Résultats de l’étude sur les enseignants en finance en France

By 2 April 2013

2 Les enseignants en finance : quels objectifs et quelles méthodes ?

Le questionnaire envoyé aux 881 professeurs membres sur le site Vernimmen.net est consultable en Annexe 2. En tout 86 professeurs de finance dans l’enseignement supérieur ont répondu à l’étude (les questionnaires de professeurs de comptabilité pure et de l’enseignement secondaire ont été exclu de l’échantillon), parmi lesquelles 69 enseignent en France et 17 dans des établissements à l’étranger (Maroc, Tunisie, Liban, Belgique, Suisse, Roumanie, Royaume-Uni, Etats-Unis, Monaco, Equateur, Algérie).

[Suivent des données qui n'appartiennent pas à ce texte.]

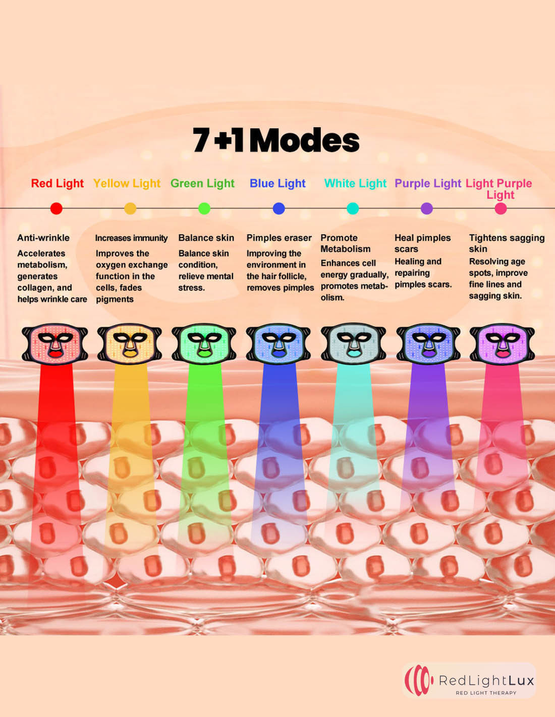 - Le masque émet des longueurs d'onde optimales de lumière rouge (630nm) verte (520nm) et bleue (470nm), pour un total de 7 couleurs différentes.

L’étude portera dans un premier temps sur les réponses des professeurs enseignants en France, avant de proposer un élargissement grâce aux questionnaires remplis par des professeurs d’établissements étrangers.

2.1 Résultats de l’étude sur les professeurs en France

2.1.1 Données générales

Les professeurs qui ont répondu au questionnaire ont en moyenne 43 ans (la classe la plus représentée est d’ailleurs celle des 41-45 ans), et 12 ans d’ancienneté.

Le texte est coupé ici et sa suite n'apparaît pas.